我可以推荐你去美丽汤。汤是一个很好的库,可以解析您的所有html文档。

soup = BeatifulSoup(html_doc)
titleName = soup.title.name

May I recommend you to Beautiful Soup. Soup is a very good lib to parse all of your html document.

soup = BeatifulSoup(html_doc)
titleName = soup.title.name

回答 5

尝试:

title = re.search('<title>(.*)</title>', html, re.IGNORECASE).group(1)

Try:

title = re.search('<title>(.*)</title>', html, re.IGNORECASE).group(1)

回答 6

提供的代码段不能应付Exceptions 我的建议

getattr(re.search(r"<title>(.*)</title>", s, re.IGNORECASE), 'groups', lambda:[u""])()[0]

如果未找到模式或第一个匹配项,则默认情况下返回空字符串。

The provided pieces of code do not cope with Exceptions May I suggest

getattr(re.search(r"<title>(.*)</title>", s, re.IGNORECASE), 'groups', lambda:[u""])()[0]

This returns an empty string by default if the pattern has not been found, or the first match.


回答 7

我认为这足够了:

#!python
import re
pattern = re.compile(r'<title>([^<]*)</title>', re.MULTILINE|re.IGNORECASE)
pattern.search(text)

…假设您的文本(HTML)位于名为“ text”的变量中。

这也假定没有其他HTML标记可以合法地嵌入HTML TITLE标记内部,并且没有办法合法地将任何其他<字符嵌入这样的容器/块中。

但是

不要在Python中使用正则表达式进行HTML解析。使用HTML解析器!(除非您要编写完整的解析器,否则当标准库中已经包含各种HTML,SGML和XML解析器时,这将是一项额外的工作。

如果您处理“真实世界” 标记汤 HTML(通常不符合任何SGML / XML验证器),请使用BeautifulSoup包。它尚未出现在标准库中,但为此目的广泛建议使用。

另一个选项是:lxml …,它是为结构正确(符合标准的HTML)编写的。但是它可以选择退回到使用BeautifulSoup作为解析器:ElementSoup

I’d think this should suffice:

#!python
import re
pattern = re.compile(r'<title>([^<]*)</title>', re.MULTILINE|re.IGNORECASE)
pattern.search(text)

… assuming that your text (HTML) is in a variable named “text.”

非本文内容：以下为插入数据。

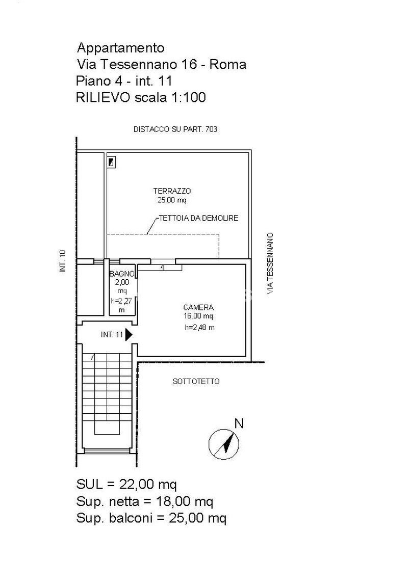 Quota pari a 1/1 del diritto di piena proprietà su monolocale sito in Roma, quartiere Tomba di Nerone-Grottarossa, Via Tessennano n. 16, piano 4, int. 11, composto da: un'unica camera con piccolo angolo cottura, un bagno, per complessivi mq. 22,00 oltre ad un ampio terrazzo di mq 25,00.

This also assumes that there are not other HTML tags which can be legally embedded inside of an HTML TITLE tag and no way to legally embed any other < character within such a container/block.

However

Don’t use regular expressions for HTML parsing in Python. Use an HTML parser! (Unless you’re going to write a full parser, which would be a of extra work when various HTML, SGML and XML parsers are already in the standard libraries.

If your handling “real world” tag soup HTML (which is frequently non-conforming to any SGML/XML validator) then use the BeautifulSoup package. It isn’t in the standard libraries (yet) but is wide recommended for this purpose.

Another option is: lxml … which is written for properly structured (standards conformant) HTML. But it has an option to fallback to using BeautifulSoup as a parser: ElementSoup.